Question #45791

1 Answer
Jan 5, 2017

Here's what I got.

Explanation:

Start by writing down the unbalanced chemical equation

#"NH"_ (3(g)) -> "N"_ (2(g)) + "H"_ (2(g))#

Your goal when balancing a chemical equation is to make sure that all the atoms that are present on the reactants' side, i.e. on the left side of the reaction arrow, are also present on the products' side, i.e. on the right side of the arrow.

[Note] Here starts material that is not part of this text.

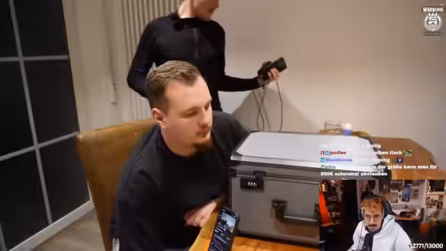 08:24:15Die Unterhaltung schlägt in eine unvorhergesehene Richtung ein, als der Streamer spontan ein Konzert für den Sänger 'Alphastein' plant. Dieser ist ein aufstrebender Künstler mit über 100.000 monatlichen Spotify-Hörern. Die Gruppe diskutiert über die Details der Veranstaltung, die in Craft Attack stattfinden soll, und benötigt dafür eine aufwändige Bühne. Dies initiiert eine schnelle Rekrutierung von Talenten; Basti GHG und Zabix werden als potenzielle Bühnenbauer ins Gespräch gebracht. Der Streamer agiert hier als Manager und verhandelt prozentuale Beteiligungen an den Ticketeinnahmen, was die Situation zu einem kuriosen Business-Gespräch werden lässt.
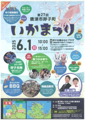 2025年6月1日に開催される「第27回唐津市呼子町いかまつり」は、呼子名物の活きイカ販売をはじめ、魚つかみ取りや手ぶらで楽しめるBBQ、物産品販売、じゃんけん大会、ぬり絵抽選会など、子どもから大人まで楽しめるイベントが盛りだくさんです。人気芸人・土居上野のステージや、巡視船の一般公開も予定されており、家族で一日中楽しめる内容になっています。

Notice that at this point, the reactants' side contains

  • one atom of nitrogen, #1 xx "N"#
  • three atoms of hydrogen, #3 xx "H"#

The products' side contains

  • two atoms of nitrogen, # 2 xx "N"#
  • two atoms of hydrogen, #2 xx "H"#

Notice that you can balance the atoms of nitrogen by multiplying the ammonia molecule by #color(red)(2)#. This will give you

#color(red)(2)"NH"_ (3(g)) -> "N"_ (2(g)) + "H"_ (2(g))#

The reactants' side contains

  • two atoms of nitrogen, #color(red)(2) xx (1 xx "N") = 2 xx "N"#
  • six atoms of hydrogen, #color(red)(2) xx (3 xx "H") = 6 xx "H"#

The products' side contains

  • two atoms of nitrogen, # 2 xx "N"#
  • two atoms of hydrogen, #2 xx "H"#

Now balance the hydrogen atoms by multiply the hydrogen molecule by #color(blue)(3)#. This will give you

#color(red)(2)"NH"_ (3(g)) -> "N"_ (2(g)) + color(blue)(3)"H"_ (2(g))#

The reactants' side contains

  • two atoms of nitrogen, #2 xx "N"#
  • six atoms of hydrogen, #6 xx "H"#

The products' side contains

  • two atoms of nitrogen, # 2 xx "N"#
  • two atoms of hydrogen, #color(blue)(3) xx (2 xx "H") = 6 xx "H"#

You can now say that the chemical equation is balanced

#color(darkgreen)(ul(color(black)(2"NH"_ (3(g)) -> 2"N"_ (2(g)) + 3"H"_ (2(g)))))#

Finally, does this reaction represent a decomposition reaction?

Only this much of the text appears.